La hepatitis C curable es una infección que puede eliminar el virus en más del 95% de los casos cuando se aplica el tratamiento correcto, según advierten especialistas de Mass General Brigham en el marco del Día Mundial contra la Hepatitis (28 de julio). Miles de personas en República Dominicana y el mundo viven con hepatitis C curable sin saberlo, lo que retrasa el diagnóstico y aumenta drásticamente el riesgo de desarrollar cirrosis y cáncer hepático.

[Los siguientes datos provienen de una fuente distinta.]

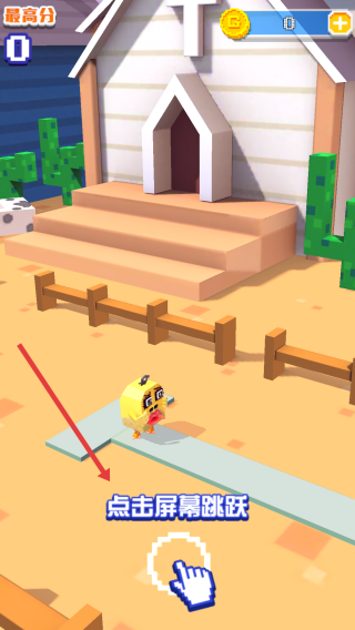 2、基础操作:角色(黄鸡)在跑道,点击屏幕触发跳跃,躲避障碍。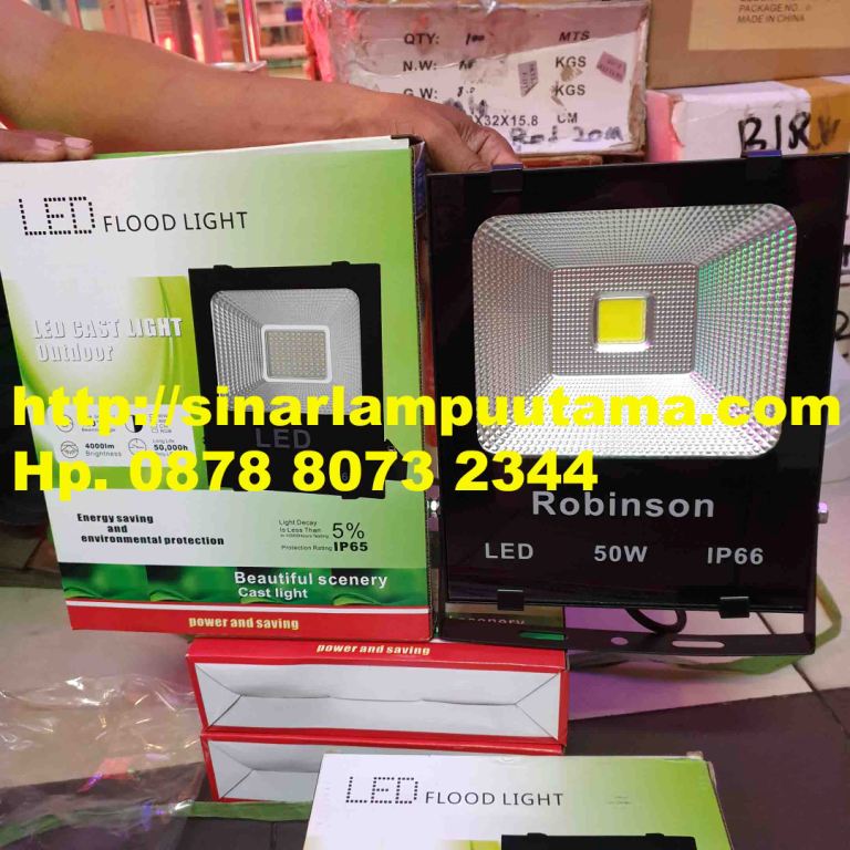 Lampu Sorot LED 50 Watt Robinson COB LED reflector mirror prisma, indeks proteksi IP66 kualitas terbaik merk Robinson, housing dari aluminium cor tebal tahan cuaca hujan dan panas, cocok untuk pemakaian di outdoor dan dengan reflector mirror prisma membantu menghasilkan cahaya yang kuat dan lebih terang dari sinar lampu LED biasa, sangat terang / super bright, daya tahan lama sampai 50.000 jam, kuat dan tahan lama, cocok aplikasi pemakaian untuk lampu sorot lapangan olah raga, lampu sorot lapangan parkir, lampu sorot taman, dll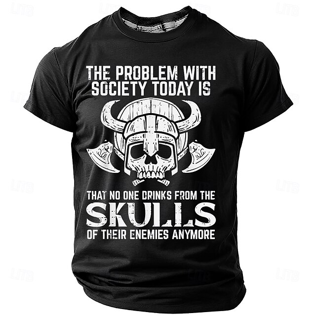 More information about Men's Viking Skull Short Sleeve Graphic T-Shirt - "Problem With Society" Dark Humor Tee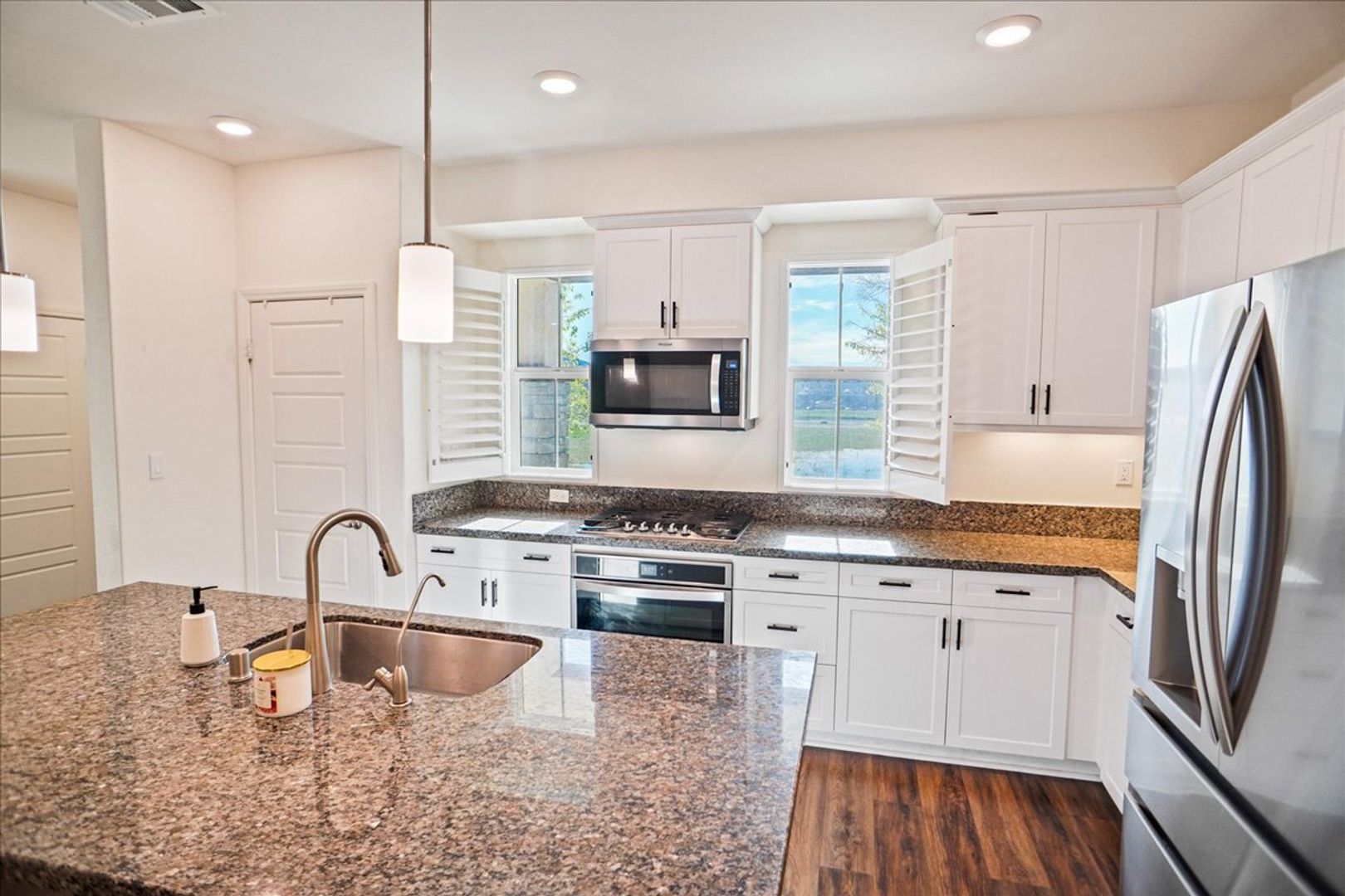 The spacious living and dining areas showcase stylish vinyl wood flooring, wood shutters, and an abundance of windows overlooking open space. A convenient downstairs powder room with pedestal sink completes the main level.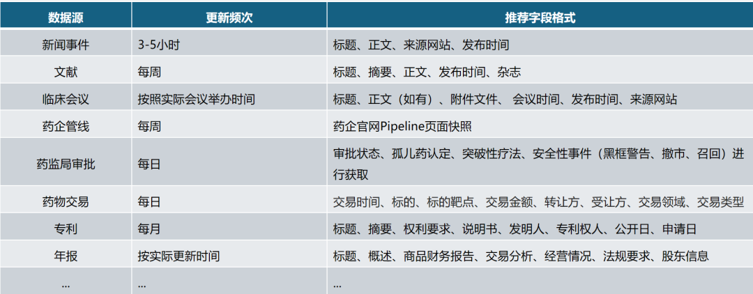 按照需求的描述变成统一类型的文本,这个都不难理解。但是对各类数据类型统一就需要我们来做解决方案了。比如药企客户要求的如文献的标题、作者、发表时间等,资讯的标题、发布来源、发布时间等。但是新闻、专利、临床如何整理出相应字段呢?这里药企说要给出模版,其实都是需要供应商帮助梳理。这部分我放到解决方案中讲。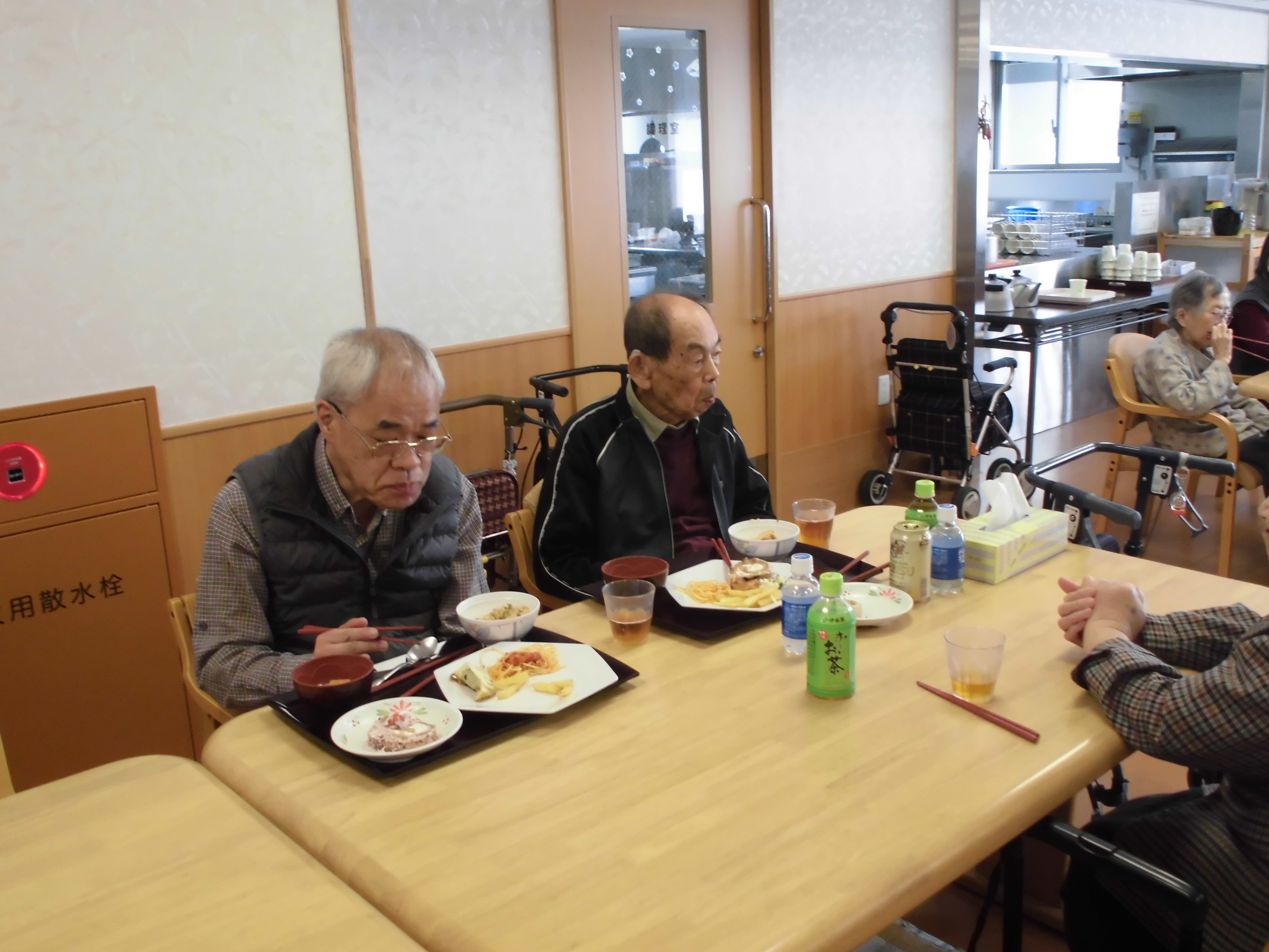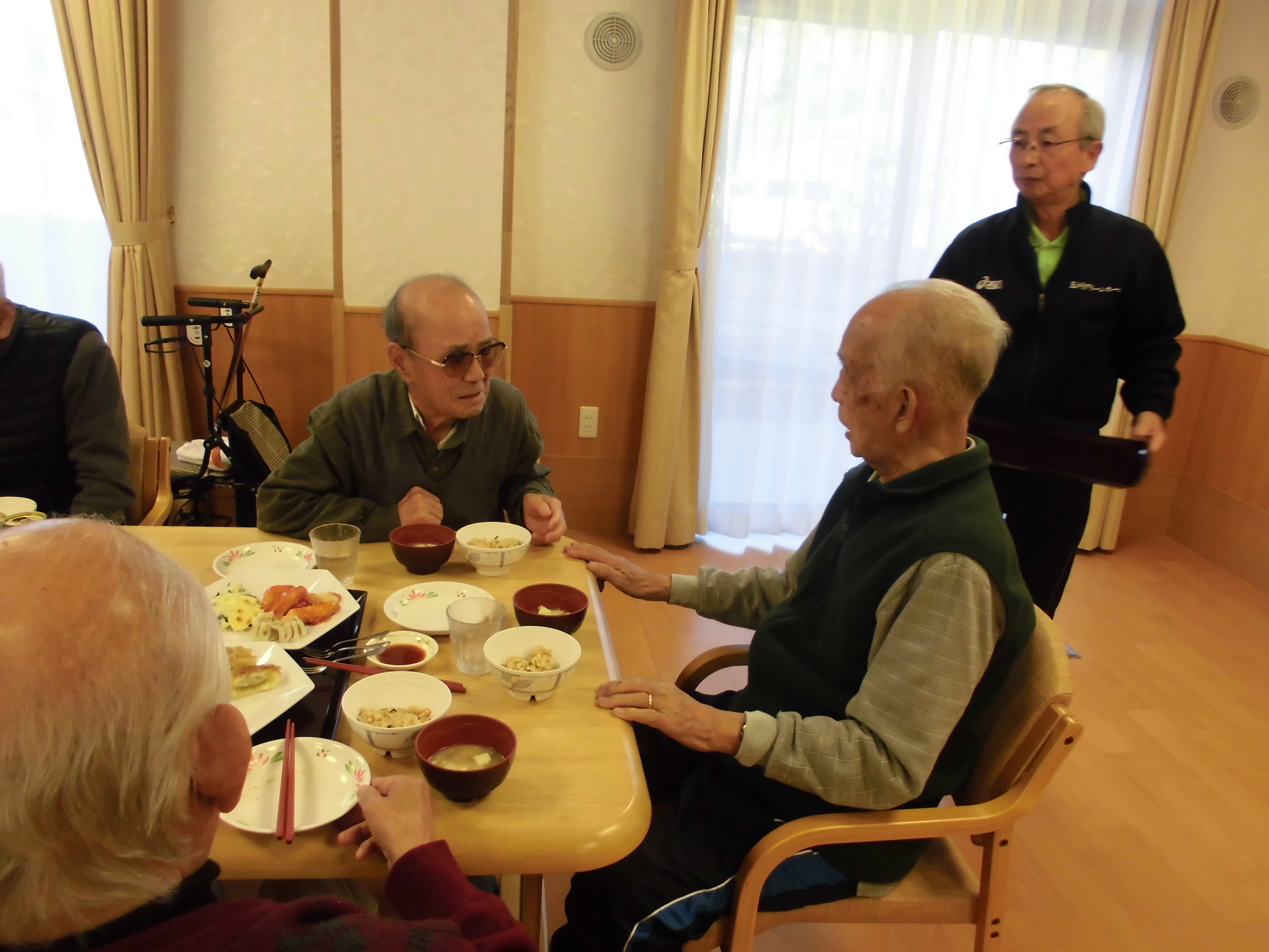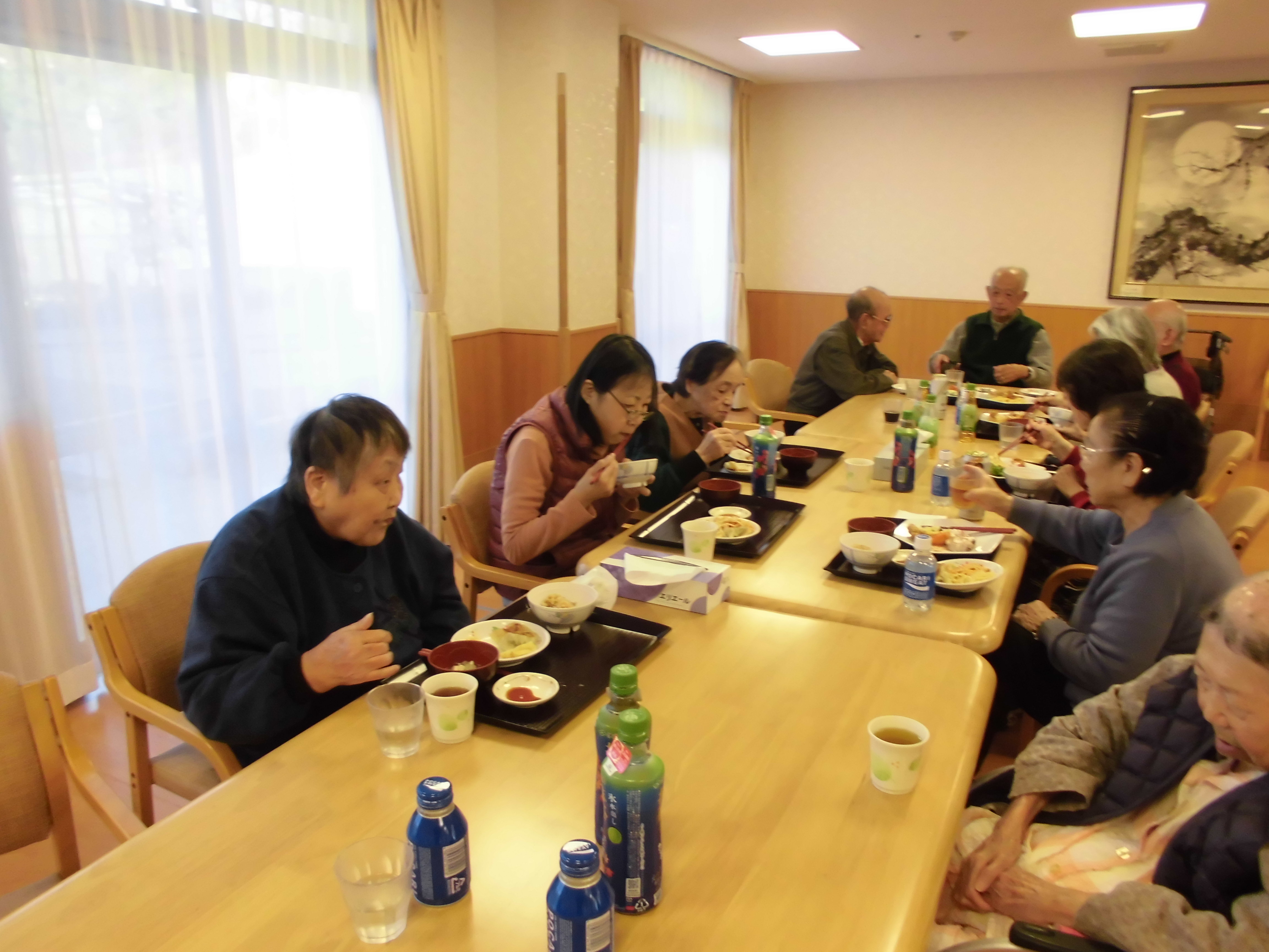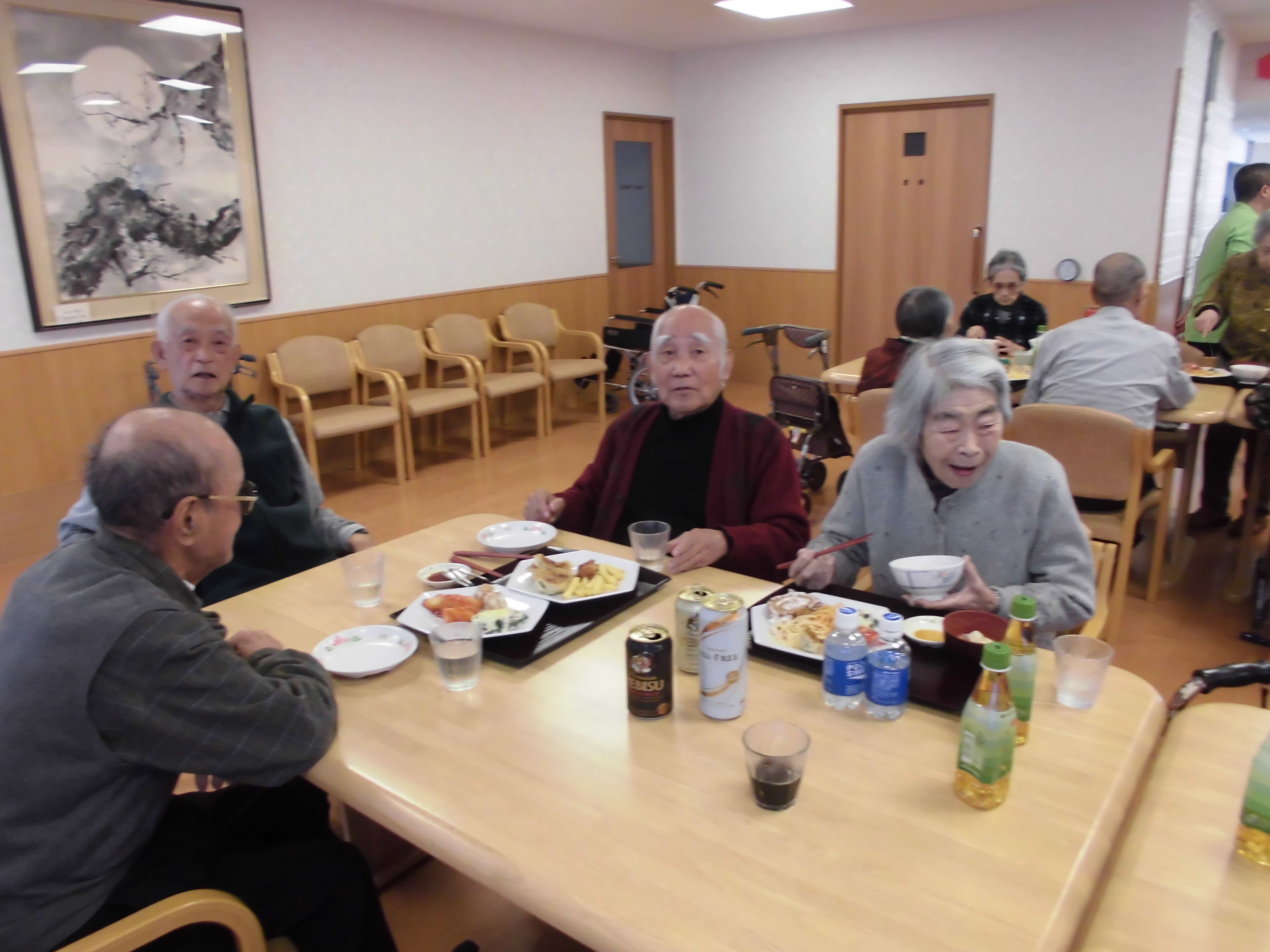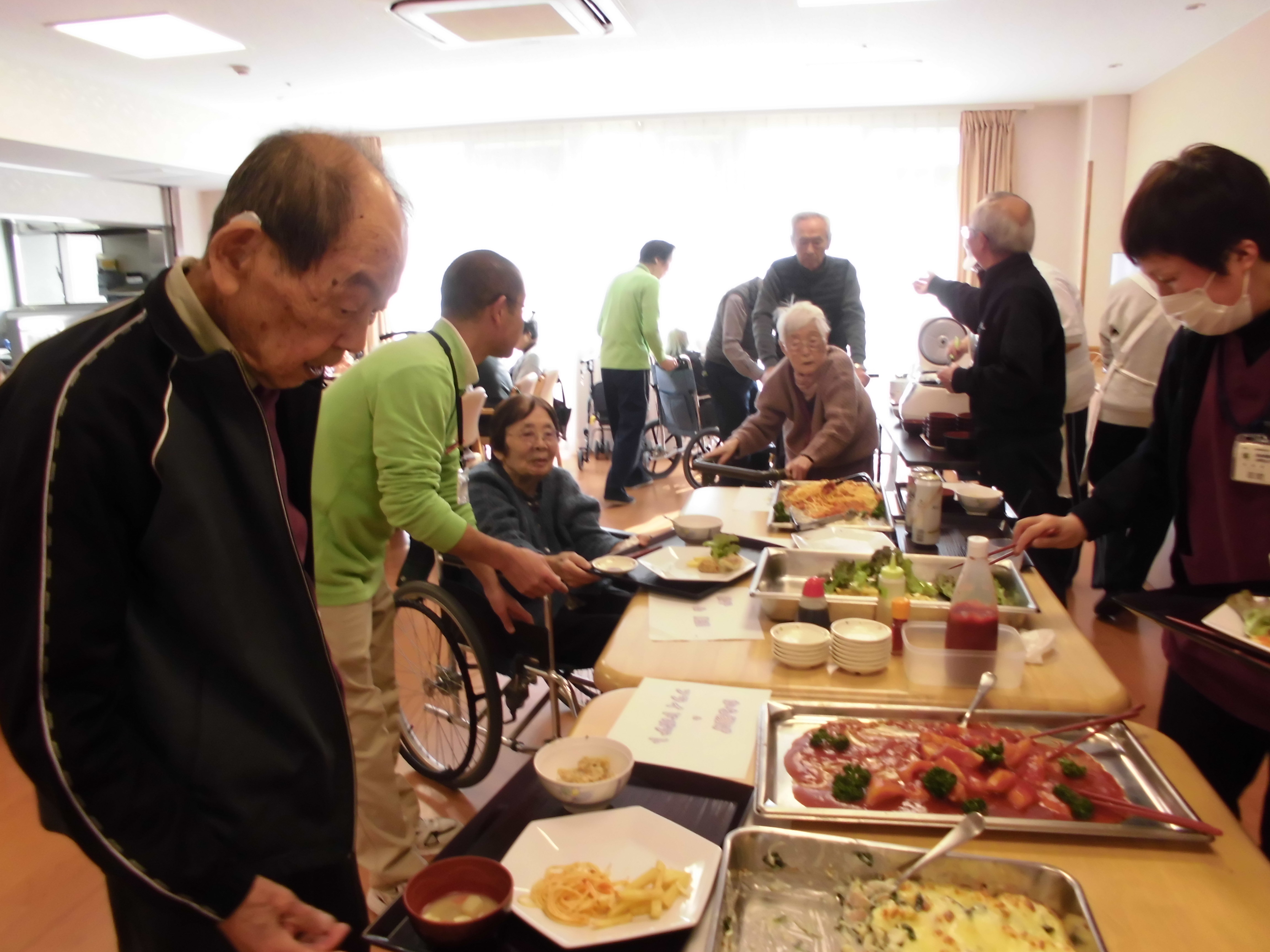 平成29年12月19日 小町山グリーンホームでクリスマス会・忘年会を開催しました。 厨房の星野さん、萩原さん、内藤さんが腕を振るって作ってくれた料理をバイキング式で好きなものをゆっくりとおいしくいただきました。

¿Por qué la hepatitis C curable es tan silenciosa?
La infección por el virus de la hepatitis C (VHC) suele ser asintomática durante años. Muchos pacientes no presentan síntomas hasta que la enfermedad ha causado daño hepático irreversible. Esto convierte a la hepatitis C curable en un desafío de salud pública: sin pruebas de.screening, la mayoría de los casos se detectan demasiado tarde.
Factores de riesgo principales
- Compartir objetos para inyectar drogas
- Uso de artículos personales contaminados (cepillos de dientes, cortaúñas)
- Sexo sin protección con personas infectadas
- Transfusiones de sangre antes de 1992
Tratamiento moderno: la hepatitis C curable en 12 a 24 semanas
Los nuevos antivíricos de acción directa (AAD) pangenotípicos permiten curar la hepatitis C curable en tratamientos breves de 12 a 24 semanas, según la Organización Mundial de la Salud (OMS). Estos medicamentos orales tienen pocos efectos secundarios y son eficaces contra todos los genotipos del virus.
Tasas de éxito comprobadas
Estudios internacionales confirman que la hepatitis C curable tiene tasas de respuesta viral sostenida (RVS) superiores al 95%, con más del 99% de los pacientes que permanecen negativos al ARN del VHC años después del tratamiento. La combinación de daclatasvir y sofosbuvir, por ejemplo, alcanza una eficacia de curación de 90-95% para todos los genotipos.
Prevención y diagnóstico: claves para aprovechar la hepatitis C curable
La OMS recomienda que todas las personas se hagan la prueba de hepatitis C al menos una vez en la vida. El diagnóstico temprano es fundamental para garantizar que la hepatitis C curable se trata antes de que progrese a complicaciones graves.
En conclusión, la hepatitis C curable representa uno de los avances más importantes en salud hepática moderna. Con acceso universal a tratamiento, la infección puede eliminarse completamente, pero la falta de screening mantiene en riesgo miles de personas que viven sin saber que tienen el virus.